Medved's journey post-diagnosis unfolded like a startup's product roadmap—hitting milestones amid uncertainty. First came the tech lifeline: a hyper-realistic digital twin. OurCrowd portfolio company D-ID, specialists in AI agents and avatars, teamed up with voice AI leader ElevenLabs and the ALS-focused Scott-Morgan Foundation. The result? An avatar capturing Medved's face, voice, and mannerisms with eerie precision. During a Zoom call with another ALS patient using the tech, Medved witnessed its power firsthand.

  • First milestone: Avatar activation. The digital twin preserves his voice for when ALS silences it, turning a personal tragedy into a showcase for portfolio tech.
  • Portfolio pivot to personal use. OncoHost's AI for immunotherapy selection, genomic sequencing tools, and chronic condition managers moved from boardroom slides to daily reality, validating years of bets.
  • Ecosystem resilience test. Despite Gaza conflicts and global scrutiny, Israel's scene surged—$800 million invested in one week in November 2025—proving the "Startup Nation" grit Medved helped forge.[1]
  • Recent exit validation. Locusview's $525 million sale just weeks before his announcement underscored OurCrowd's enduring momentum.

No first customers or revenue pivots here—this was Medved's life as the ultimate case study. Early "traction" meant hospital beds and hoarse interviews; "scale" was scaling hope through tech he'd funded. No massive revenue windfall, but the human ROI was profound: tech extending dignity and connection.

Lessons from the Trenches: Medved's Founder Wisdom

Medved's story distills hard-won insights for indie hackers and early-stage founders grinding through their own battles. Here are three practical takeaways, drawn from his decades in the arena.

  1. Democratize access to build unstoppable networks. OurCrowd's crowdsourcing lesson: Don't gatekeep opportunity. Invite the world in—240,000 investors strong—and watch your ecosystem explode. For bootstrappers, this means open-sourcing betas, building communities early, and turning users into evangelists. Scale isn't just funding; it's collective momentum.
  2. Bet on sectors that intersect life—yours included. Health tech wasn't a random pick; it was prescient. Founders, align investments with universal pains. Medved's ALS fight shows how "nice-to-haves" become must-haves. Validate by living the problem, or at least empathizing deeply.
  3. Resilience trumps resources—never go quietly. Facing incurable illness, Medved vows to contribute.

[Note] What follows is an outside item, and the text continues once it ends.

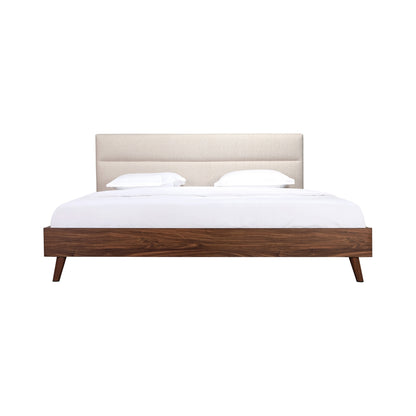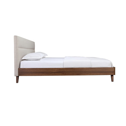 Le lit King Fletcher combine avec élégance bois et tissu, tout en jouant sur des contrastes de teintes claires et foncées. Sa tête de lit rembourrée en tissu beige clair apporte une touche de fraîcheur qui s'oppose harmonieusement à la finition plus sombre en faux noyer du pied de lit. Le tissu en lin subtilement texturé de la tête de lit met en valeur le grain distinct du cadre en bois.

Startups fail, markets crash, founders burn out. His mantra: Pivot personally, stay in the game. Early struggles? Use them as fuel. Measure success not by exits alone, but by impact that outlives you.

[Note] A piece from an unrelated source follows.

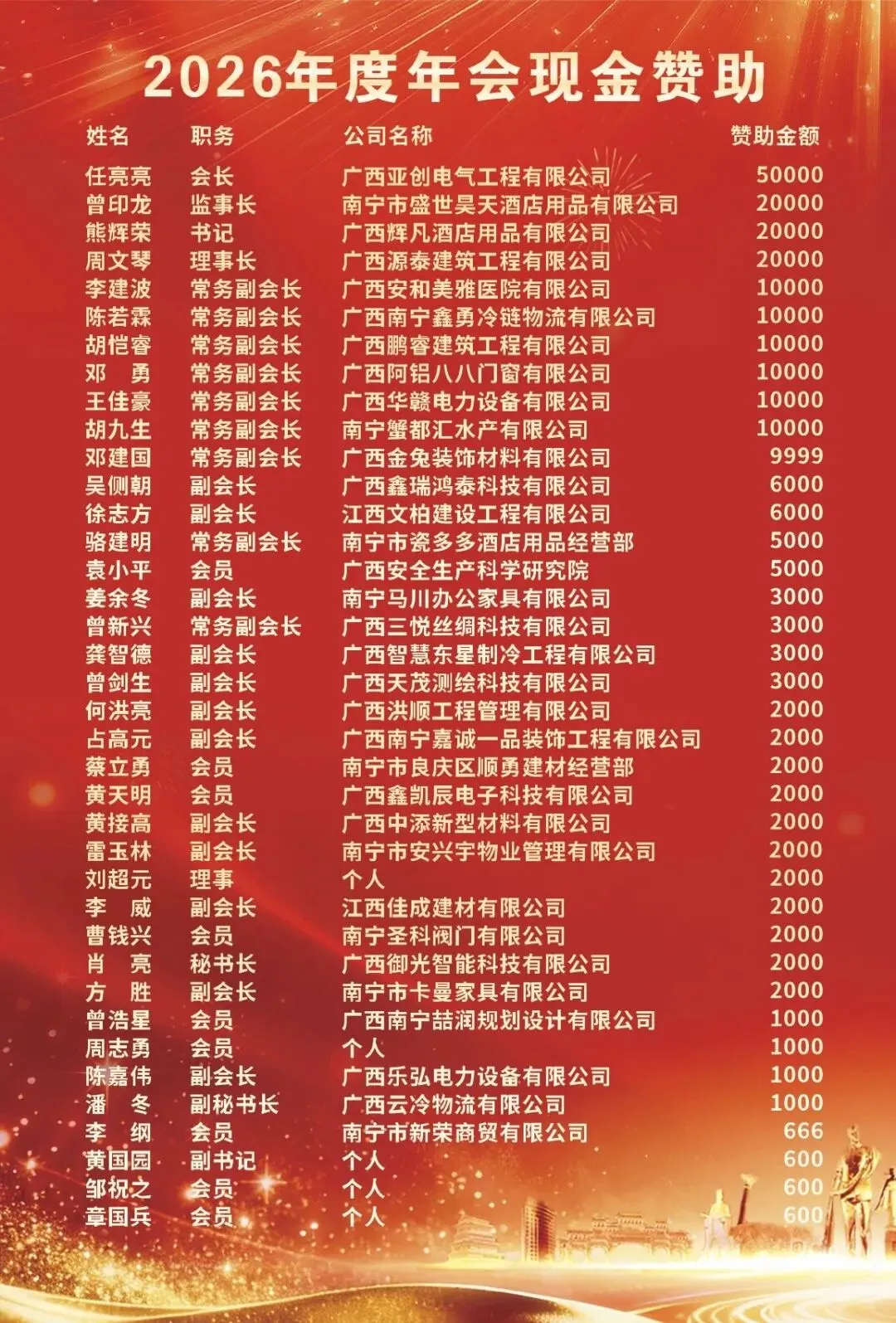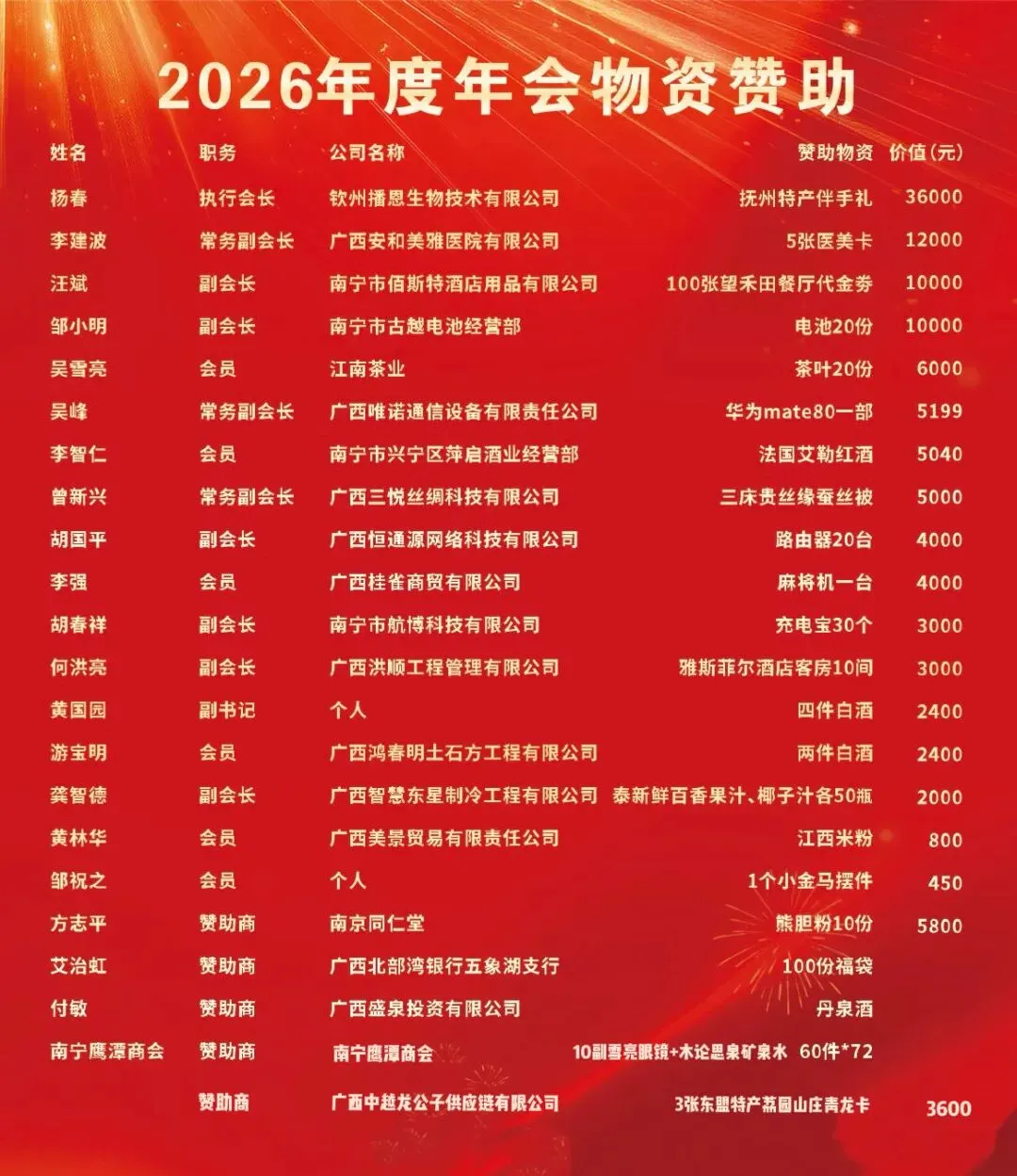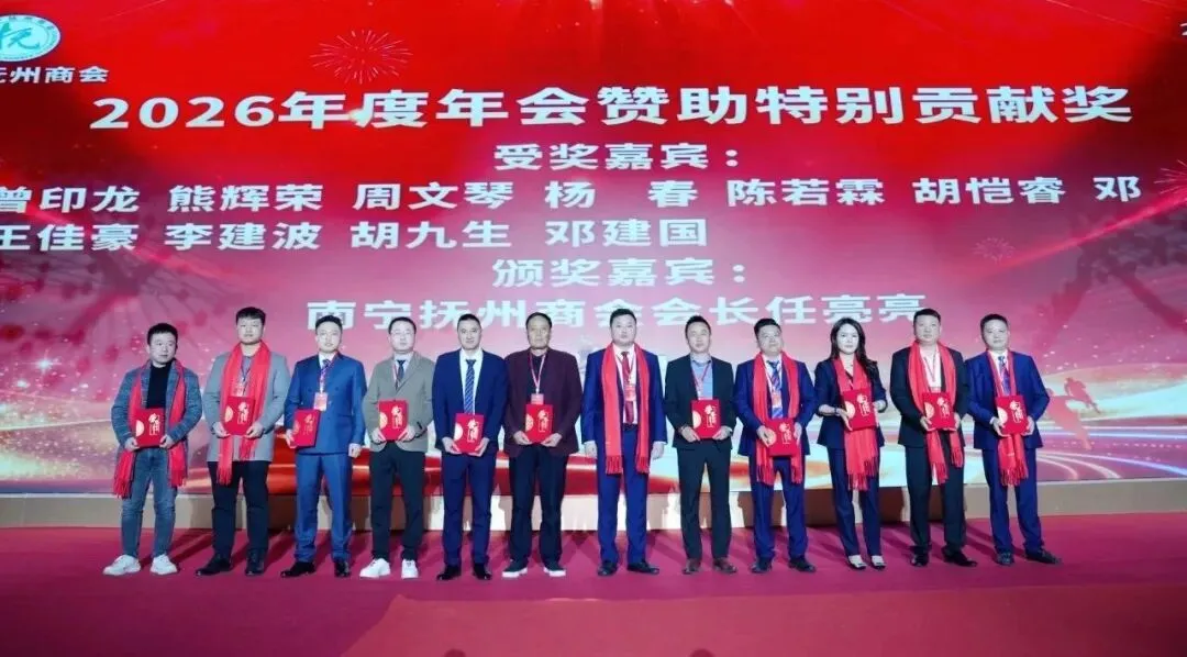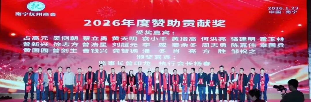 邕有抚商,共赴未来!南宁抚州商会第一届第二次会员代表大会暨2026年迎新年会晚宴,在温馨喜庆、激昂奋进的氛围中圆满落下帷幕。这是一场意义非凡的盛会。我们以庄严的国歌致敬祖国,在各级领导的殷切寄语中汲取前行动力。这是一次荣耀的见证,爱心善举与责任担当在授牌颁奖中熠熠生辉,卓越贡献与团结奋进在掌声中被共同铭记。这更是一次情谊的欢聚,在祝酒的豪情中凝聚共识,在精彩的节目与迭起的抽奖中共享喜悦,歌声与笑声汇成了属于全体抚商家人的温暖记忆。盛会虽已落幕,征程再启新篇。让我们带着这份荣耀、感动与祝福,在新的一年里继续同心同行,携手并肩,共赴更加辉煌灿烂的未来!特别鸣谢以下单位及个人:

These aren't platitudes. They're battle-tested from a man who's sold companies, built a VC unicorn-slayer, and now stares down ALS with avatar in tow.

A Legacy That Speaks—Even When He Can't

Jon Medved's tale is the Startup Nation at its core: innovation born of necessity, community over isolation, defiance against the inevitable. From California transplant to ALS warrior, he's woven his life into Israel's tech fabric. OurCrowd marches on, its health tech bets now carrying a personal torch. Medved remains proud: "In a small way, even though all we are is investors, to be part of this movement."[1]

As he integrates more portfolio tools—AI diagnostics, voice preservers—his story inspires founders everywhere. Health tech isn't just a sector; it's a mirror to our vulnerabilities. Medved's fight fuels not just his life, but a reminder: Build what matters, because one day, it might save you.